▽
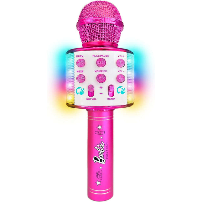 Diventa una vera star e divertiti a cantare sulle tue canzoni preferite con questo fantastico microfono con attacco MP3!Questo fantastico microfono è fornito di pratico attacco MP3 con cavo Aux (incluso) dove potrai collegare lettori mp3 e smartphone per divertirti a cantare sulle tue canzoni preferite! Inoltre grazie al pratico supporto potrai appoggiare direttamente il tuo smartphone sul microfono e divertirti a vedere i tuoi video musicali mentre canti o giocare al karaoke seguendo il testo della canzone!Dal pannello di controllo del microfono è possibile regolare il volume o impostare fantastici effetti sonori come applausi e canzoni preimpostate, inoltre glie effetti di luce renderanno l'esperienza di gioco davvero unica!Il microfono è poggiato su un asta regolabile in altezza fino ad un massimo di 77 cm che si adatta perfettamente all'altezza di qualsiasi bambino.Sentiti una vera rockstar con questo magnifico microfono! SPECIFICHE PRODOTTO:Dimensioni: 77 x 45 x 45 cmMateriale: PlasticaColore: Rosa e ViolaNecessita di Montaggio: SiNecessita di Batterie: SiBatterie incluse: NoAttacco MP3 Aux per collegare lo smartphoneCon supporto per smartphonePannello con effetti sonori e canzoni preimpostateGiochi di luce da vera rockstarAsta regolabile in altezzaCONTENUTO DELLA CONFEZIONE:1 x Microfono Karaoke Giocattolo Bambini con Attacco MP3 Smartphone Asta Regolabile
△
▽
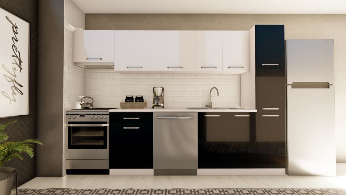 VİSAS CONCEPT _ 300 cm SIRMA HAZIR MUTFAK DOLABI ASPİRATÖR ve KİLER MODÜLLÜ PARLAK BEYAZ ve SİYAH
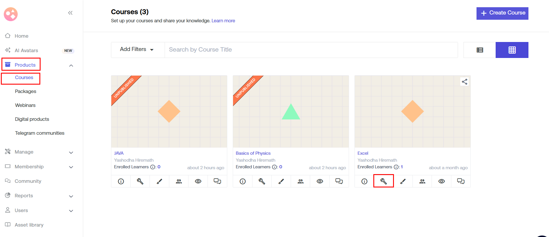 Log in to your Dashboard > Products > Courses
△
**Work to be completed:** From the listing above, please give again the lines that begin with the line holding "VİSAS CONCEPT _" and go on through the line holding "Log in to your", exactly, both ends included, minus any picture.

**Output:**
 VİSAS CONCEPT _ 300 cm SIRMA HAZIR MUTFAK DOLABI ASPİRATÖR ve KİLER MODÜLLÜ PARLAK BEYAZ ve SİYAH
 Log in to your Dashboard > Products > Courses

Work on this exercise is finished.